Schweiz plant ungewöhnliche Militärreform mit Zivilisten und Alphorn als Waffe
Leon SchröderSchweiz plant ungewöhnliche Militärreform mit Zivilisten und Alphorn als Waffe
Die Schweiz lotet neue Wege aus, um ihr Militär zu stärken – indem sie auf ehemalige Soldaten und möglicherweise auch auf andere Zivilisten zurückgreift, die ihre Fähigkeiten einbringen sollen. Das eidgenössische Parlament hat bereits einen Plan für die freiwillige Wiedereingliederung gebilligt, doch einige argumentieren, dass der Vorschlag noch weiter gehen könnte, indem er unerwartete Talente aus allen Bereichen der Gesellschaft nutzt.

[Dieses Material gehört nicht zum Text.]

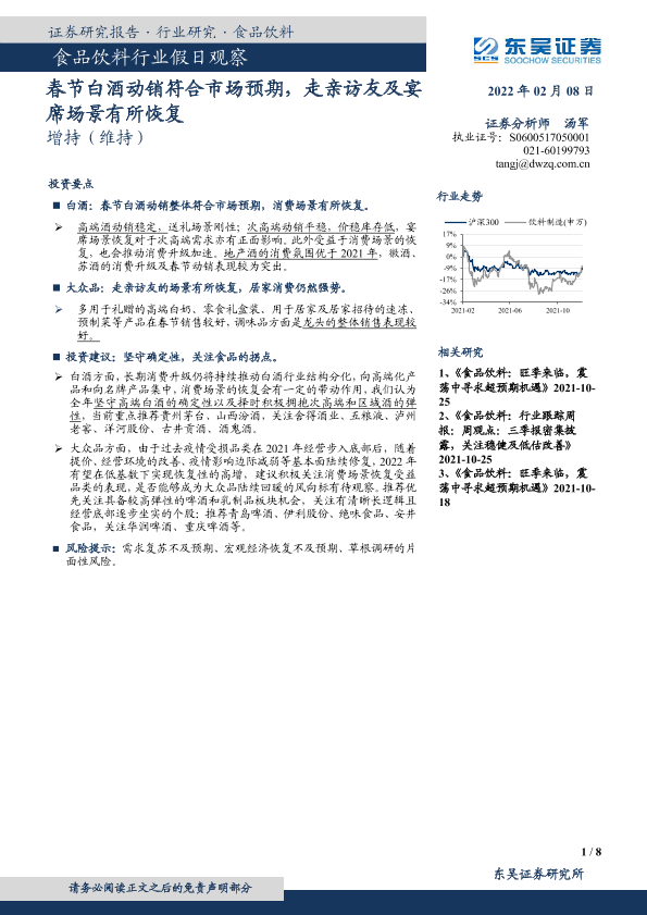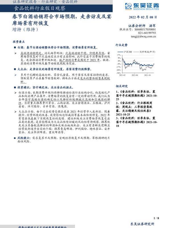 【东吴证券】【20220208】食品饮料行业假日观察:春节白酒动销符合市场预期,走亲访友及宴席场景有所恢复-8页

Beide Kammern des Schweizer Parlaments haben eine Massnahme unterstützt, die es ehemaligen Soldaten ermöglicht, auf freiwilliger Basis wieder in den Dienst zurückzukehren. Nun ist der Bundesrat damit beauftragt, ein detailliertes Konzept für die Umsetzung zu erarbeiten.
Kritiker halten den Plan jedoch für zu eng gefasst. Sie betonen, dass die Schweizer Gesellschaft weit mehr zu bieten habe als nur ehemalige Truppenangehörige. Zu den Vorschlägen gehören unter anderem die Umwidmung von Golfspielern zu Scharfschützen, von Landfrauen zu Feldküchenverantwortlichen oder sogar von Grossmüttern, die Tarnkleidung stricken könnten. Andere Ideen sehen vor, Wanderer einzusetzen, um feindliche Kräfte durch manipulierte Wegweiser in die Irre zu führen, oder Gleitschirmflieger als improvisierte Kampfdrohnen zu nutzen.

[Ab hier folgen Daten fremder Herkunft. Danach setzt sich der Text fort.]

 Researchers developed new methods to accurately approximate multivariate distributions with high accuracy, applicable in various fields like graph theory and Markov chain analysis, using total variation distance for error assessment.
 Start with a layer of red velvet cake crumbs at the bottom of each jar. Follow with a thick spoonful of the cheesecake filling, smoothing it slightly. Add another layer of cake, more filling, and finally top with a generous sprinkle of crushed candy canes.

Noch ungewöhnlichere Ideen sind im Umlauf: Das Alphorn, ein traditionelles Schweizer Instrument, könnte aufgrund seiner ohrenbetäubenden, desorientierenden Töne zur Waffe umfunktioniert werden. Gleichzeitig könnten begabte Briefeschreiber und Verschwörungstheoretiker für eine Propagandaeinheit angeworben werden, um bei Gegnern Verwirrung zu stiften.
Die Debatte fällt in eine Zeit, in der der Schweizer Komiker Simon Enzler mit seinem elften Programm Brenzlig auf Tournee ist. Bekannt für seine scharfsinnigen politischen Beobachtungen und seinen markanten Appenzeller Dialekt, gewann Enzler 2007 den renommierten Salzburger Stier, einen der bedeutendsten Kleinkunstpreise. Sein Werk reflektiert oft die Schweizer Kultur, ob er sich jedoch zu den militärischen Vorschlägen geäussert hat, ist nicht bekannt.

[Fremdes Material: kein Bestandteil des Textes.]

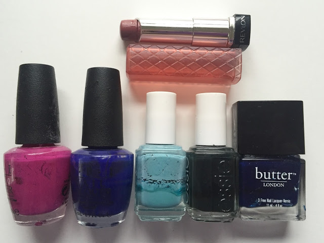 I hate to get rid of the nail polishes, all of which were favorites of mine, but four of them are almost completely dried up. The fifth, Essie Stylenomics, stained the hell out of my nails last fall, and it took months for them to recover completely. I just can’t see myself wearing Stylenomics again, as much as I love that severe dark green. Royal Navy was my first Butter London, by the way—I bought it in June 2012.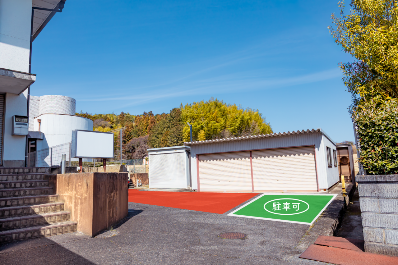 発熱外来診察中は正面駐車場の他に、発熱外来専用入口側のスペースにも1台駐車して頂けます(写真の緑色のスペース)。

Der Bundesrat wird nun die endgültige Ausgestaltung der Politik für die Wiedereingliederung ehemaliger Soldaten vornehmen. Sollte das Vorhaben ausgeweitet werden, könnten künftig auch breitere Kreise der Zivilbevölkerung ihre Fähigkeiten in den Dienst der Landesverteidigung stellen. Derzeit liegt der Fokus zwar auf den ehemaligen Truppenangehörigen, doch die Diskussion hat die Tür zu kreativeren – und unerwarteteren – Formen des Engagements geöffnet.